O ano de 2008 foi bastante interessante em termos de grandes interpretações femininas. Temos Anne Hathaway, Rosemarie DeWitt e Debra Winger ("Rachel Getting Married"), Melissa Leo ("Frozen River"), Angelina Jolie ("Changeling"), Kate Winslet ("Revolutionary Road" ou "The Reader"), Meryl Streep, Amy Adams e Viola Davis ("Doubt"), Sally Hawkins ("Happy-Go-Lucky"), Marisa Tomei ("The Wrestler"), Catherine Keener, Michelle Williams e Samantha Morton ("Synecdoche NY"), Kate Beckinsale e Vera Farmiga ("Nothing But The Truth"), Cate Blanchett ("The Curious Case of Benjamin Button"), Tilda Swinton (com o filme anterior e com "Burn After Reading"), Frances McDormand ("Burn After Reading"), Penélope Cruz e Rebecca Hall ("Vicky Cristina Barcelona") e Michelle Williams de novo ("Wendy & Lucy") e estes são só alguns dos nomes que me aparecem logo. 

Um nome que demoraria a aparecer, ou melhor um filme que demoraria a ser mencionado, se alguém nos perguntasse por grandes interpretações femininas em 2008, seria o de Julianne Moore em "Saving Grace". Algo que lamento. Um filme tão pequeno para uma interpretação tão magistral, Julianne Moore está tão bem aqui como em "Far From Heaven" ou "Boogie Nights", as suas duas melhores interpretações, para mim. Ora zangada, ora alegre, ora aos gritos, ora a sorrir, ora fazendo amor, ora discutindo. Parece complicado, mas nas mãos de Moore tudo se torna possível e natural. Ela é uma diva, sim senhor. E uma das maiores que o cinema já viu. E esta situação com que vos deixo é de uma qualidade, em termos de leitura de fala, impressionante.

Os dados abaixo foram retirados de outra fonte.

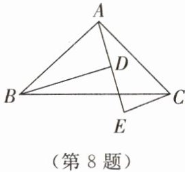 8. 如图所示,A,D,E三点在同一条直线上,且$\triangle BAD \cong \triangle ACE$.

"I go away for one week and what do you do?! Something intellectual. Something VERY intellectual indeed."


 Barbara Baekeland (Julianne Moore), Savage Grace (2007)


Aqui vos deixo um vídeo que inclui várias cenas do filme - e aponto-vos para a cena em questão frisada neste post, que começa por volta dos 7:50:

 

Best. Line. Reading. Ever.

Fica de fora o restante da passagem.